Здесь подросток с короткою стрижкой,
наклонясь над технической книжкой,
серый взор из-под строгих ресниц
упирает в чертеж самолета.
Здесь - замшелая лодка ОСВОДа,
осторожное пение птиц.
И над жидкой зеленкой залива,
утомленный от пышных речей,
тусклый солнечный диск сиротливо
багрецу заводских кирпичей
улыбается - кисло и криво,
как Зиновьев на слете ткачей.
8
По громоздким и плотным телам
истомился, где плоскость сечет
плоскость, куб расколов пополам,
где подробности, наперечет,
архаичной колонной даны
и уступом балкона... Как сер
этот пористый шлак! Как темны
эти грани, лишенные сфер!
Как топоpщится пеpвых ДК
мешковина в пpоpехах своих!
Паpоходного дыма, гудка
ждешь, с опаской взиpая на них...
Помнишь зал, неуютный для Муз,
но союзный масштабу времен,
Афродит самохваловских груз,
и тяжелую бронзу знамен,
и пропеллер, проросший травой,
меж разбитых кладбищенских плит...
Ты - железная скрепка. Он - твой
вороной U-образный магнит...
Темных вод остановлен разбег
на бетонных гребенках плотин.
И нельзя докричаться сквозь век,
сквозь его многослойный ватин.
Особенно в сентябре, когда от сырого мрака
еще занавешен пыланьем чернильно-черный зрачок,
роскошествует проспект, размотанный, как бумага
рулонная, с юга на север, - Меркурием со всех ног
бегущий по вольнолюбивым делам свободной торговли
(но сапожищам века некогда сданный внаем)

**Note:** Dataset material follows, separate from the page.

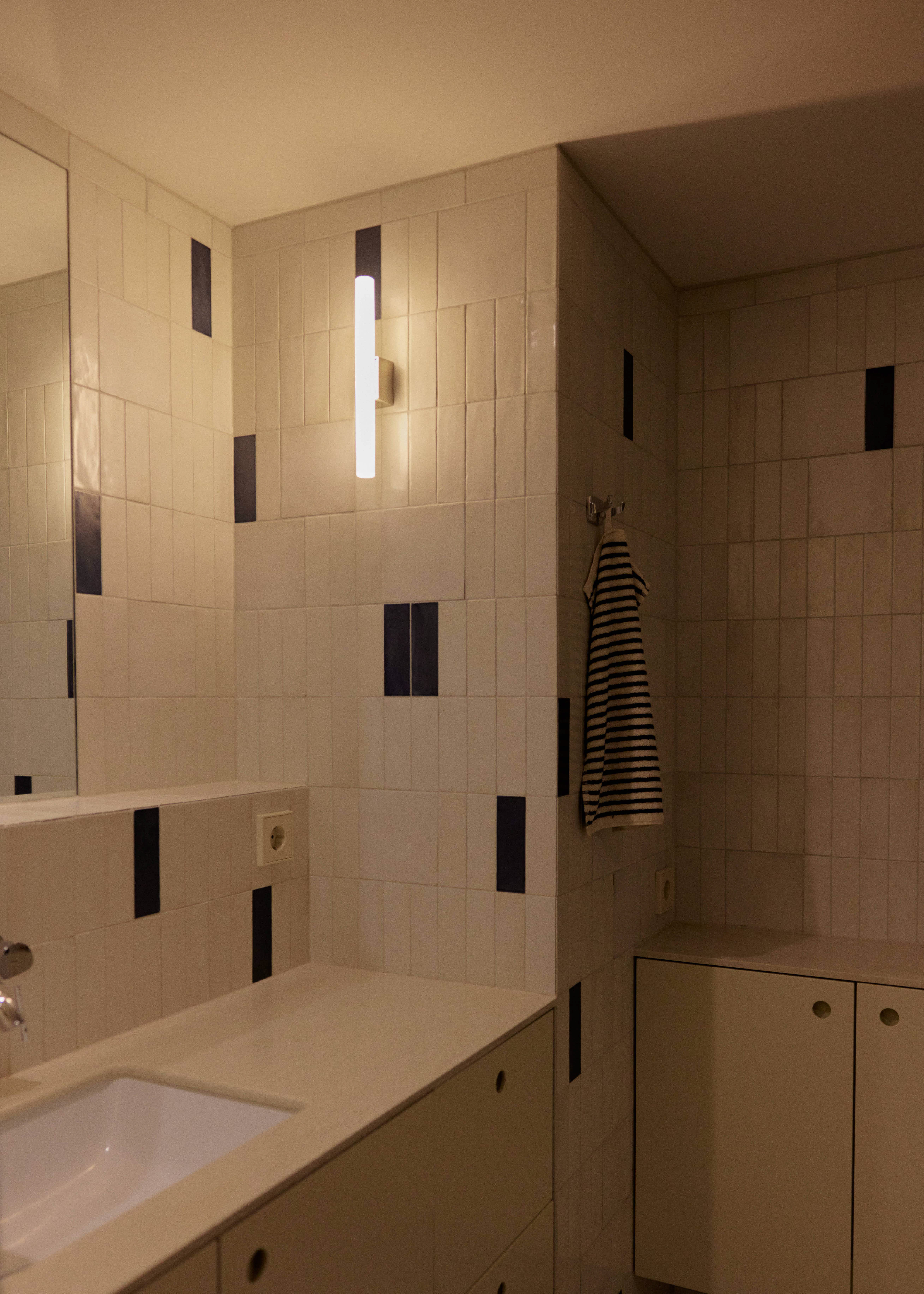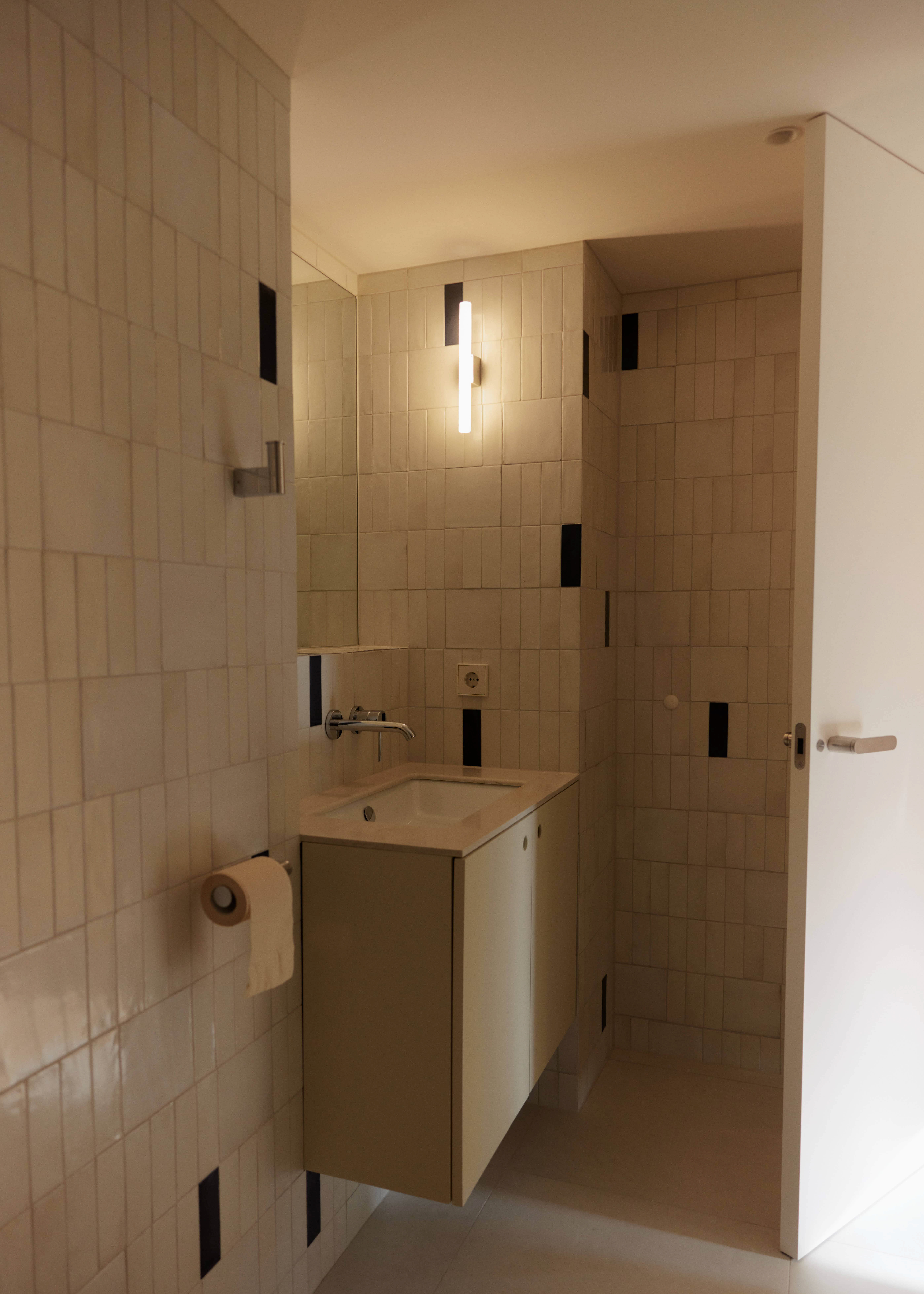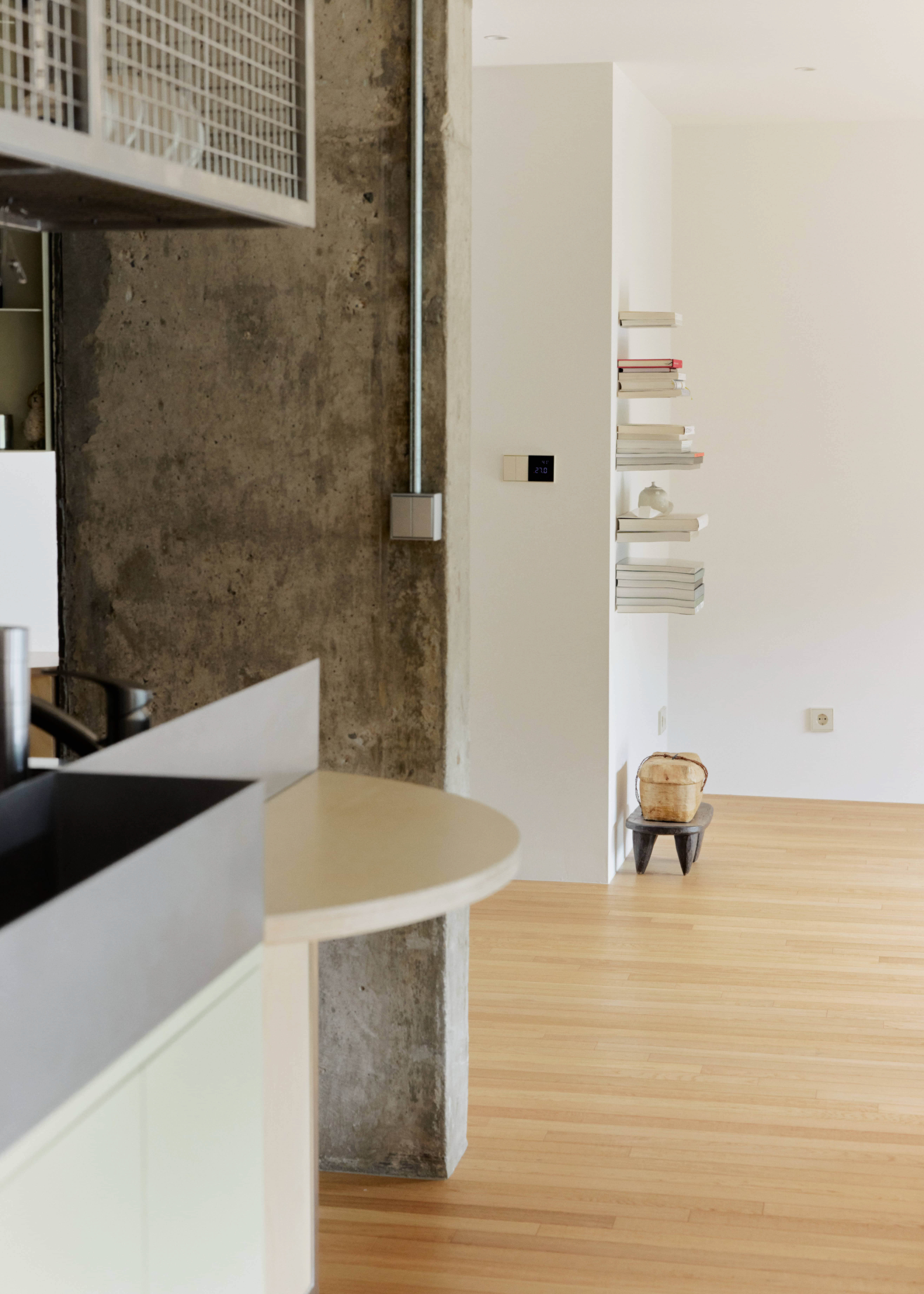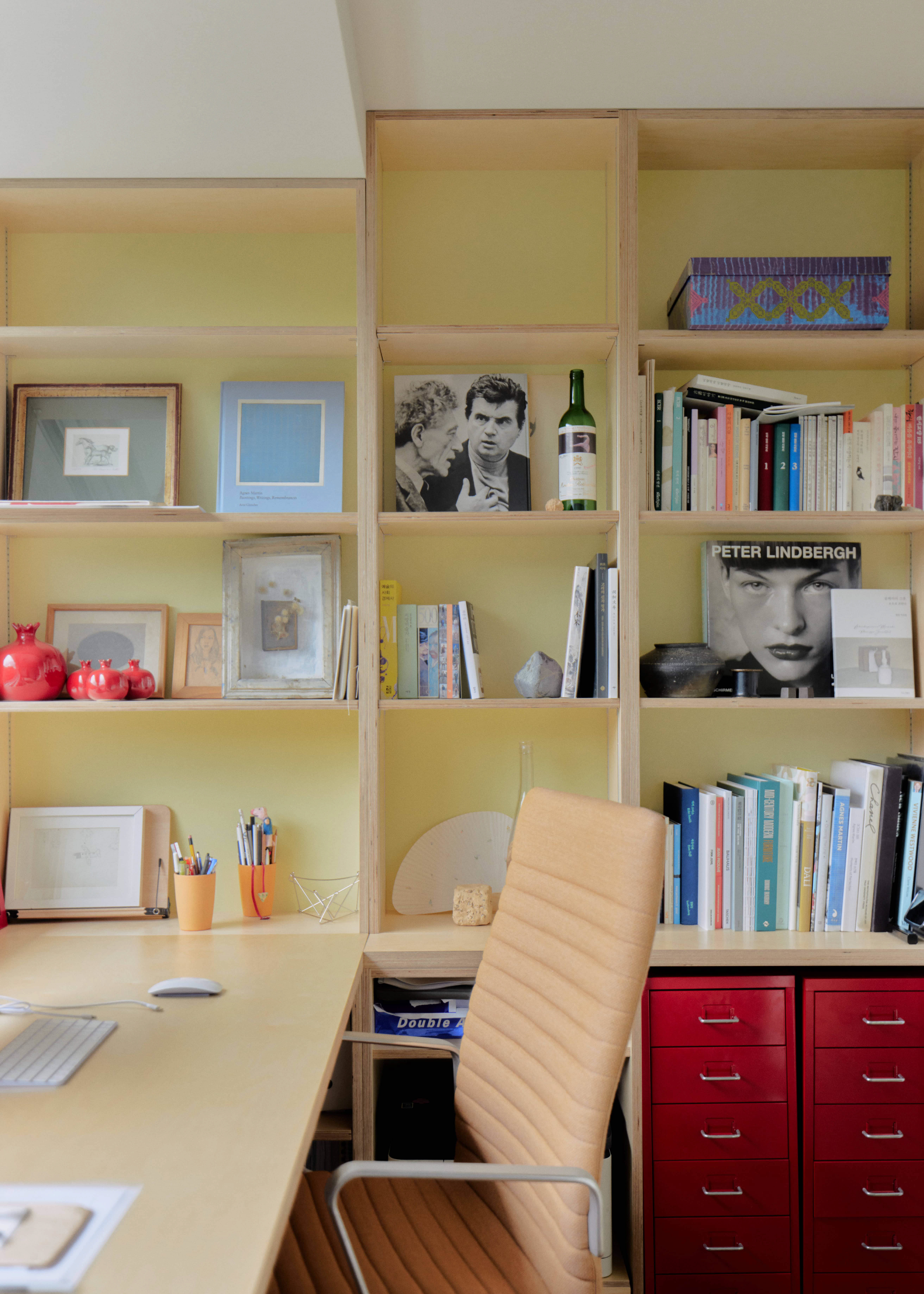 전반적인 공간의 색감과 소재는 클라이언트의 요청에 따라 따스하고 밝은 분위기로 함께 골랐다. 밝은 자작나무 합판과 스테인리스로 만든 주방 가구, 금속 책장, 공간을 분할해 주는 슬라이딩 벽체 등 곳곳에 은은한 찻물을 닮은 색감을 담았다.

на Острова Блаженства - от лазуритной кровли,
от усача-утконоса... Особенно если вдвоем
гуляем, он так пленителен, как дар небывшей свободы,
как вариант Набокова, дожившего до седин
на родине, как возможность иной, расширенной, квоты,
иной, ворсистой, истории, наряженной в габардин.
После пьянки ночной в темноте возвращаюсь, еду
в несгораемом ящике вдоль кораблей. И жалко,
что нельзя мне уже прикорнуть на плече соседа,
как суконным курсантам, которые спят вповалку,
словно валенки в пахнущей ваксой каптерке. Справа
Крузенштерн промелькнул, вот уже и на мост свернули.
Ну и ладно, приеду домой - отосплюсь на славу!
Слева в кляксах чернила раскрыта тетрадь грязнули,
а верней - на державинской голубоватой бумаге
проступает рисунок, которого краше нету.
Вдоль перил ратоборец-февраль ледяные флаги
развернул - и поземка бежит по стальному следу.
Проплывают заводов наждачные стены, красно-
серебристый кирпич о фруктовом твердит пломбире.
Может быть, и курсанты о чем-то таком неясно
вспоминают во сне, о моpозной родной Сибири?
Еще спят профсоюзы в своем областном совете,
непомерный бульвар пропадает во мрак и холод.
О, какой же нежданный подарок вот эти дети
получили - совсем им ненужный волшебный город!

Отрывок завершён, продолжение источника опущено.